## REQUIRED WORK
Once the line holding "今天机器人继续稳稳上涨还是挺" is found in the listing below, write it out and each later line exactly, up to and including the one holding "Discover the elegance".

## RAW DATA
----------

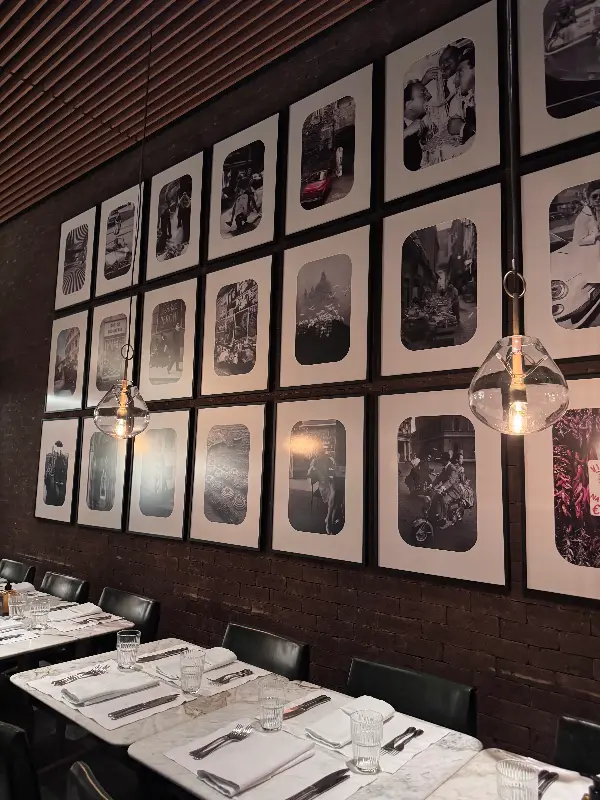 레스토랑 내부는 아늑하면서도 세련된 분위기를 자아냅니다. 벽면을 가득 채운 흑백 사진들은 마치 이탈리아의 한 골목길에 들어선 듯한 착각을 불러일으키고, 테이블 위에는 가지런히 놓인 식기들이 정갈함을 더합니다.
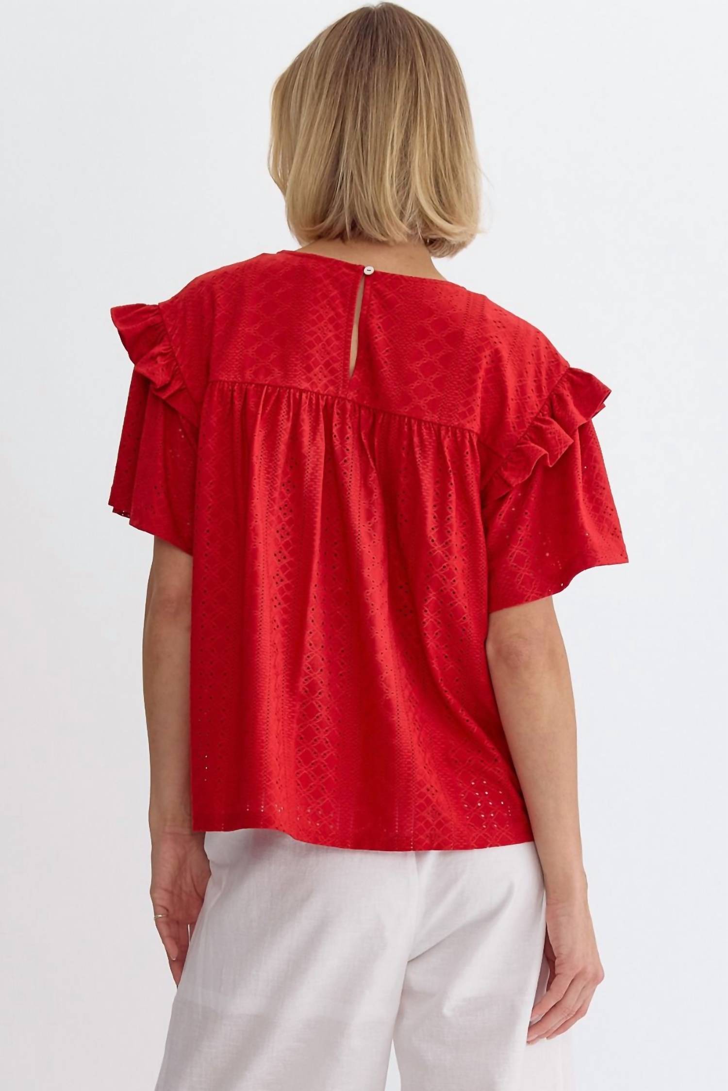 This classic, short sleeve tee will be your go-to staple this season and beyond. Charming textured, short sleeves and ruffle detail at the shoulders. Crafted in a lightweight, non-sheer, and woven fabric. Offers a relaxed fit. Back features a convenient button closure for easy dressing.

----------

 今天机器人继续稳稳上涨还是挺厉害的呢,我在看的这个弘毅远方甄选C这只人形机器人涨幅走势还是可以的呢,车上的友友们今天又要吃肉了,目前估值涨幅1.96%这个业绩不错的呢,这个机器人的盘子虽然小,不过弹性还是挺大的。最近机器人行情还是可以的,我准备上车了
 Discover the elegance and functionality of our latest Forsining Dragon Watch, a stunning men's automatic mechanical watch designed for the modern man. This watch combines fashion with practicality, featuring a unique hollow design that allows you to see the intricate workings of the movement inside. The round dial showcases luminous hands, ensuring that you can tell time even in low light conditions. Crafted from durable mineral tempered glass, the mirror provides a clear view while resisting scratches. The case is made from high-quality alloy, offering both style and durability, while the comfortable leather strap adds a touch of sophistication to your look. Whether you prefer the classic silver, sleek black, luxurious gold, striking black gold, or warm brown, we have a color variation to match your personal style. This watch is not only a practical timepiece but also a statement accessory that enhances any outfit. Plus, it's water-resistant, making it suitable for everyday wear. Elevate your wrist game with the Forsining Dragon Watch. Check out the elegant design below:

----------

## RESPONSE FOR THIS EXERCISE
 今天机器人继续稳稳上涨还是挺厉害的呢,我在看的这个弘毅远方甄选C这只人形机器人涨幅走势还是可以的呢,车上的友友们今天又要吃肉了,目前估值涨幅1.96%这个业绩不错的呢,这个机器人的盘子虽然小,不过弹性还是挺大的。最近机器人行情还是可以的,我准备上车了
 Discover the elegance and functionality of our latest Forsining Dragon Watch, a stunning men's automatic mechanical watch designed for the modern man. This watch combines fashion with practicality, featuring a unique hollow design that allows you to see the intricate workings of the movement inside. The round dial showcases luminous hands, ensuring that you can tell time even in low light conditions. Crafted from durable mineral tempered glass, the mirror provides a clear view while resisting scratches. The case is made from high-quality alloy, offering both style and durability, while the comfortable leather strap adds a touch of sophistication to your look. Whether you prefer the classic silver, sleek black, luxurious gold, striking black gold, or warm brown, we have a color variation to match your personal style. This watch is not only a practical timepiece but also a statement accessory that enhances any outfit. Plus, it's water-resistant, making it suitable for everyday wear. Elevate your wrist game with the Forsining Dragon Watch. Check out the elegant design below:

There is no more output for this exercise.